Private space-grant university in Puerto Rico

The Ana G. Méndez University (UAGM / AGMU) is a private university system with its main campus in San Juan, Puerto Rico that participates in the Puerto Rico Space Grant Consortium.

==History==
===Creation===
In 1941, Ana G. Mendez, Alfredo Muñiz Souffront, and Florencio Pagán Cruz founded Puerto Rico High School of Commerce (PRHSC) in Rio Piedras.

In 1949, the Puerto Rico Junior College (PRJC) was established in Cupey. It became the first college to offer two-year degrees in Puerto Rico. The PRHSC was later renamed to PRJC, and the Puerto Rico Junior College Association was created to oversee its campuses.

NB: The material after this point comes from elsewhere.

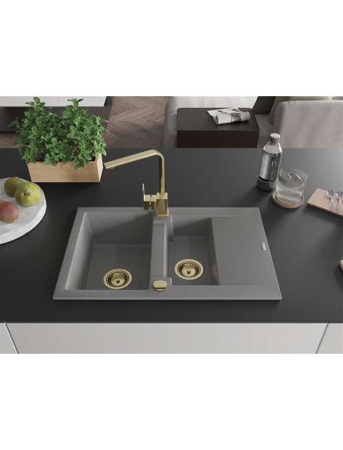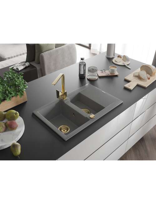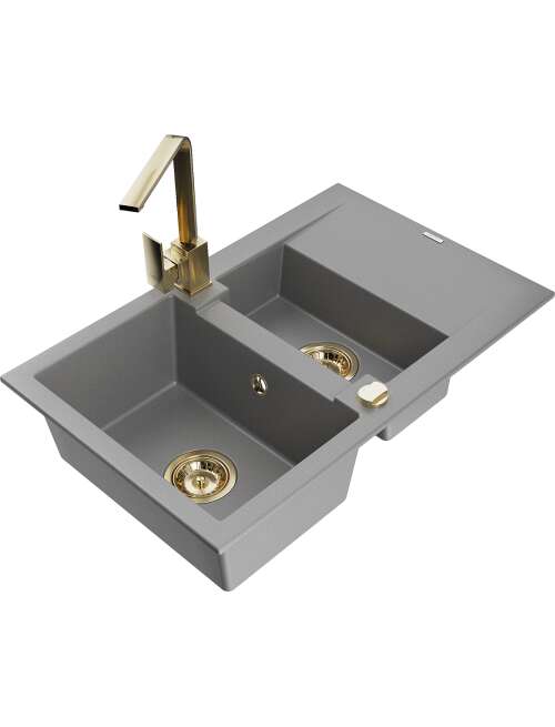 Dane techniczne: Zlewozmywak: Rozmiar: 737x475x177 mm Głębokość komory: 167 mm (większa), 107 mm (mniejsza) Wymiary komory: 395x272 mm (większa), (mniejsza) 375x182 mm Średnica odpływu: ø90 mm Typ: 1,5-komorowy z krótkim ociekaczem Rodzaj: Wpuszczany w blat Kolor: Szary Wykończenie syfonu: Złoty Materiał: Granit (80% kruszywo granitowe 20% żywice) Otwór przelewowy: Tak Otwory: ( bateria, automat ) 2 Montaż: Uniwersalny, możliwość montażu z ociekaczem po lewej lub prawej stronie Wysoka odporność na zarysowania i przebarwienia Odporność na szok termiczny Powierzchnia ułatwiająca czyszczenie Bateria kuchenna: Materiał: Mosiądz Kolor: Złoty Głowica: Ceramiczna Perlator: Tak Typ: Jednouchwytowa Wysokość baterii: 290 mm Zasięg wylewki: 220 mm |

In 1949, it received accreditation from the Middle States Association of Colleges and Secondary Schools, with an enrollment of 820 students.

After much expansion during the 60s with new buildings like a Student Center in Cupey Campus and enrollment of 2700 students across the two schools, in 1968, the PRJC established its third campus in Valle del Turabo in Gurabo, with an initial enrollment of 207 students.

After the inauguration of the Gurabo Campus in 1968, the Puerto Rico Junior College Association decided to change its name to the Ana G. Méndez Educational Foundation.

The Gurabo Campus changed its name to Colegio Universitario del Turabo in 1972, as it started to offer bachelor's degrees. The next year, a program of Doctorate in Education was created, a collaboration between the foundation and the University of Nova.

On 25 August 1974, Ana G. Mendez resigned from the Board of Directors of the Foundation. On 26 September of the same year, the Foundation named Jose F. Mendez Gonzalez as President.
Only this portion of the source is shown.